Embs is a Python toolkit for retrieving documents (via Docsifer), generating embeddings (via Lightweight Embeddings API), and ranking texts with an optional caching system.
Project description
embs
embs is your one-stop toolkit for handling document ingestion, embedding, and ranking workflows. Whether you're building a retrieval-augmented generation (RAG) system, a chatbot, or a semantic search engine, embs makes it easy to integrate document retrieval, embeddings, and ranking with minimal setup.
Why Choose embs?
-
Free External APIs:
- Docsifer for document conversion (PDFs, URLs, images, etc.) and
- Lightweight Embeddings API for generating state-of-the-art embeddings, including multi-language support and some of the best models for NLP tasks — all provided free of charge.
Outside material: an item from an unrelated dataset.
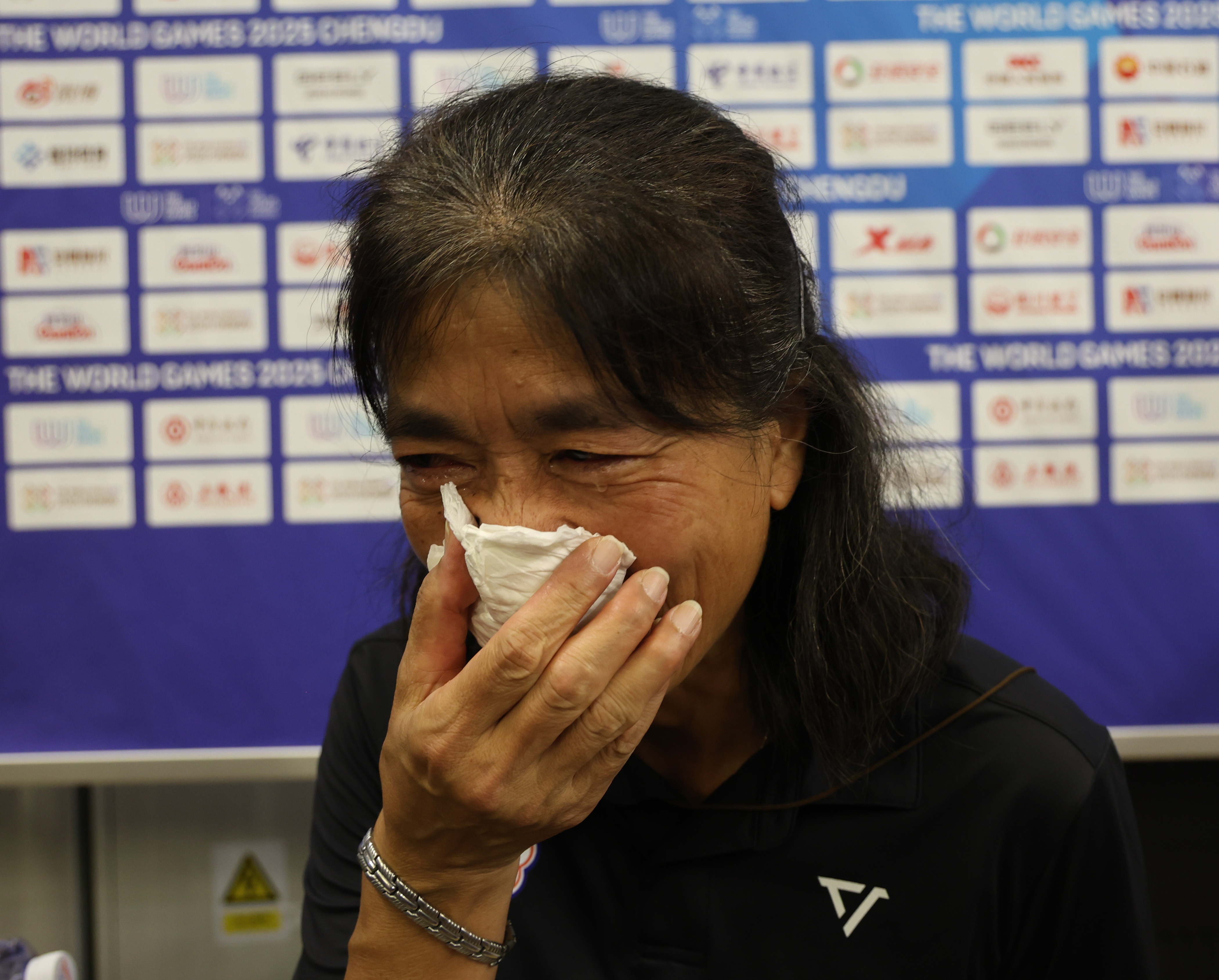 中華隊教練謝芳怡賽後激動表示:「很開心!這可能是我最後一次帶世運會了,謝謝他們帶給我一面獎牌!」

- These APIs support top-tier multilingual embeddings models like
sentence-transformersandOpenAI-compatible embeddings, so you can achieve top-quality results with minimal configuration.
-
Perfect for RAG Systems: Automatically convert and split documents into meaningful chunks, generate embeddings, and rank them — all tailored for retrieval-augmented workflows like OpenAI GPT or other generative models.
-
Integrates with Chatbots: Preprocess, split, and embed your knowledge base to build conversational systems that respond with accurate and contextually relevant answers.
-
Flexible Splitting: Use built-in or custom chunking strategies to split large documents into smaller, retrievable sections. This improves relevance in retrieval-based workflows.
-
Unified Pipeline: Streamline everything from document ingestion to semantic ranking with a single API.
-
Lightweight & Extensible: No heavy dependencies beyond
aiohttp. Easily fits into your existing infrastructure.
Installation
pip install embs
Or in pyproject.toml (Poetry):
[tool.poetry.dependencies]
embs = "^0.1.0"
Key Use Cases
Retrieval-Augmented Generation (RAG)
In RAG workflows, retrieved knowledge informs a generative model like GPT to produce accurate and relevant answers. embs simplifies this by:
- Converting raw documents (PDFs, URLs) to clean text or markdown.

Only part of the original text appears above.